Debts, collectively

by thedisagreement

maxresdefaultIn the 1986 American comedy film The Money Pit, young lovers Shelley Long and Tom Hanks buy a million dollar mansion in distress, soon falling into distress themselves. Metaphorically, isn’t this kind of like what we all do, everyday? Nothing we have is permanent, and everything we throw money at just breaks again eventually. Collectively, aren’t we just the sum of our debts – personal, societal, emotional, financial?  How many holes are in your floor? 

Join The Disagreement on Monday, July 20th for “The bank closed, so they moved on.”

At HiFi (169 Ave A), 8pm 

FEATURING:

Jackie Corley is the founder and publisher of Word Riot (http://www.wordriot.org). Her work has appeared in Redivider, Fourteen Hills, 3AM Magazine, Vol. 1 Brooklyn and in various print anthologies. A short story collection, The Suburban Swindle, was published in 2008 by the now-defunct So New Press.
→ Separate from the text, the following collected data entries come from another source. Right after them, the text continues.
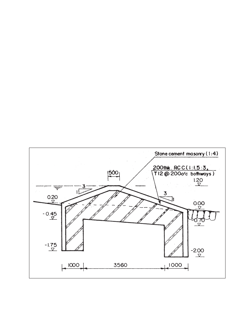 travel downstream through the weir and the RCC blanket helps to strengthen the weir surface against abrasion due to rolling boulders. Also note
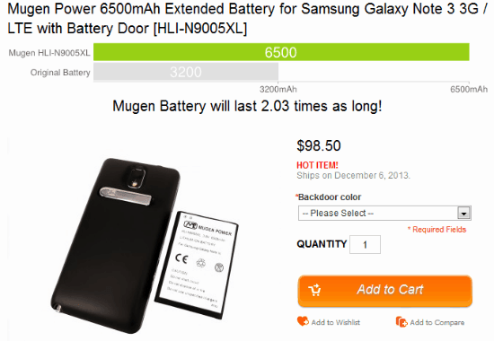 Mugen تطرح بطارية سعتها 6500 مللي امبير لهاتف سامسونج جالاكسي نوت 3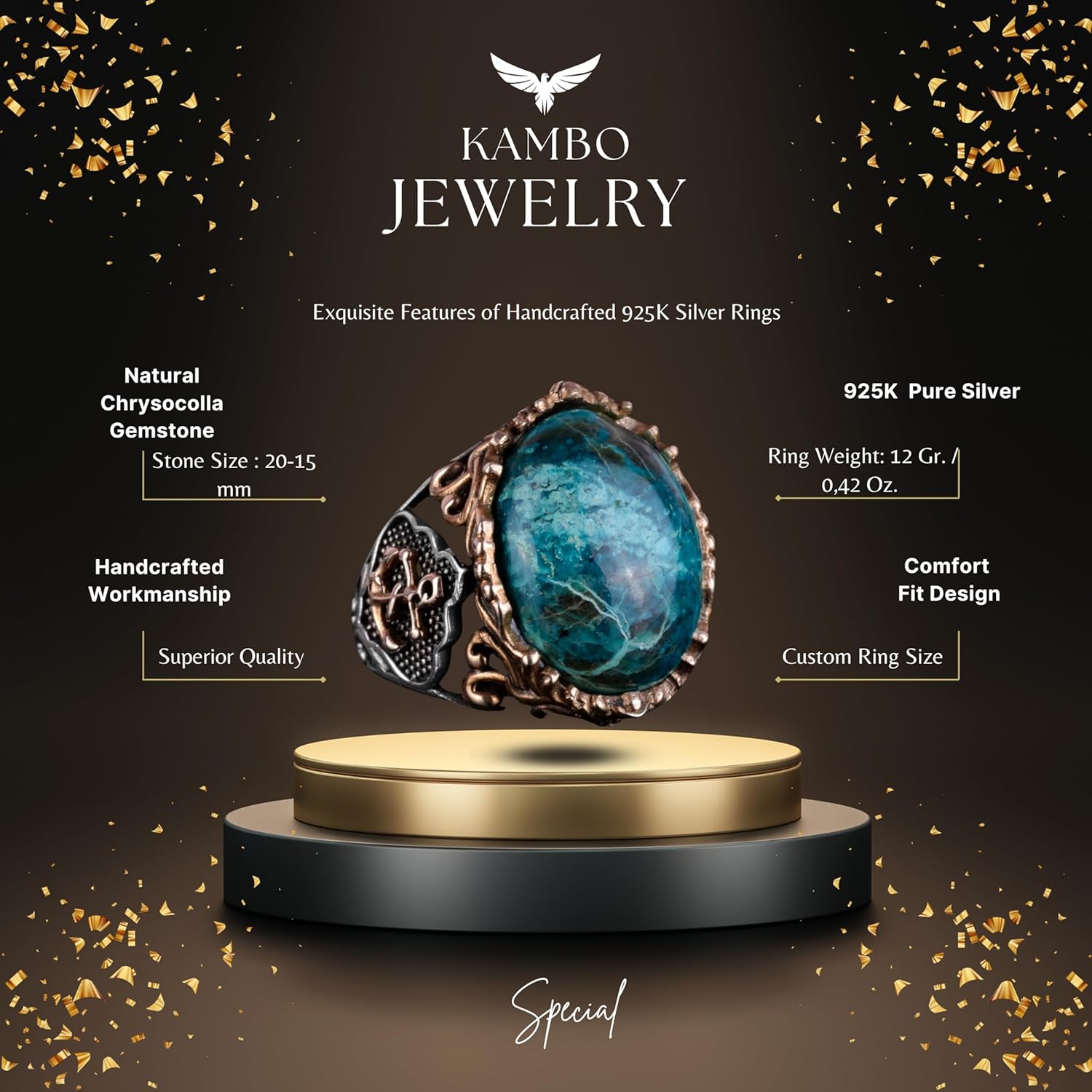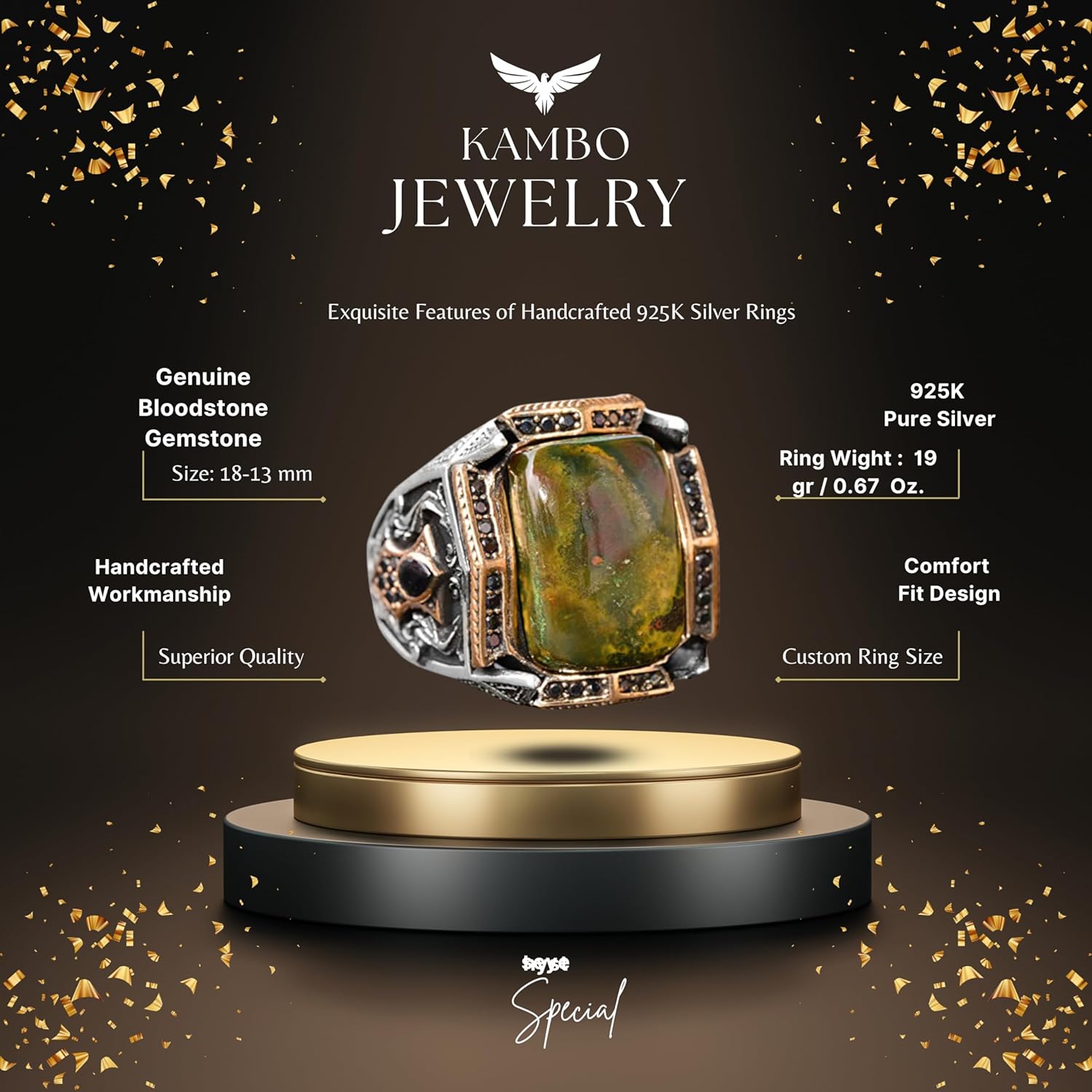 Gerçek Kan Taşı Taş Yüzük, Sterlin Gümüş Yüzük, Özel Tasarım Yüzük

A former New York Times Fellow at NYU, Ben Purkert has published poems in The New Yorker, Ploughshares, Agni, Kenyon Review, Boston Review, Fence and elsewhere. He currently teaches creative writing at Rutgers and is working on his first novel. He’s also the founder of CityShelf, an initiative to support indie bookstores. More at: benpurkert.com.
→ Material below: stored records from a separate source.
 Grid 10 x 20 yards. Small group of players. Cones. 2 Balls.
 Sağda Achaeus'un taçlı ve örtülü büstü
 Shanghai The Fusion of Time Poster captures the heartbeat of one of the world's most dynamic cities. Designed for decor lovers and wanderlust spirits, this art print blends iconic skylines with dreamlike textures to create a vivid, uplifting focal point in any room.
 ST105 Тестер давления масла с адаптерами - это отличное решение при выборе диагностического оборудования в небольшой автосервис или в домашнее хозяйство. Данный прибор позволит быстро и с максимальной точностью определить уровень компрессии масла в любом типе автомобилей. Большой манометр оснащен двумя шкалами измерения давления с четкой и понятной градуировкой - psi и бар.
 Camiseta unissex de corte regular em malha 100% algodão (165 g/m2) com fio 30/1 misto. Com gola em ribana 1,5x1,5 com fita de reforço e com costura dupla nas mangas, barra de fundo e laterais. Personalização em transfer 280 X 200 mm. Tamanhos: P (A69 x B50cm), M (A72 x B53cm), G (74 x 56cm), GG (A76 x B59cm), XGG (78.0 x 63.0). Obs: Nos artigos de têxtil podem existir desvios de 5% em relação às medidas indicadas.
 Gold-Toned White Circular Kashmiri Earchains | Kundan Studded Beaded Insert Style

Elizabeth Clark Wessel is a founding editor of Argos Books & co-editor of Circumference: Poetry in Translation. She is the author of three chapbooks Whither Weather (GreenTower Press, 2012), Isn’t that You Waving at You (Big Lucks Books, forthcoming in 2015) and Amsterdam (Dancing Girl Press, forthcoming 2015). Her full-length collection Two Suns will be published by The Lit Pub in 2015. She lives in a farmhouse in Connecticut and translates Swedish novels for a living.

Lynn Steger Strong‘s novel, HOLD STILL, will be published by Liveright/Norton in March 2016. She lives in Brooklyn with her family.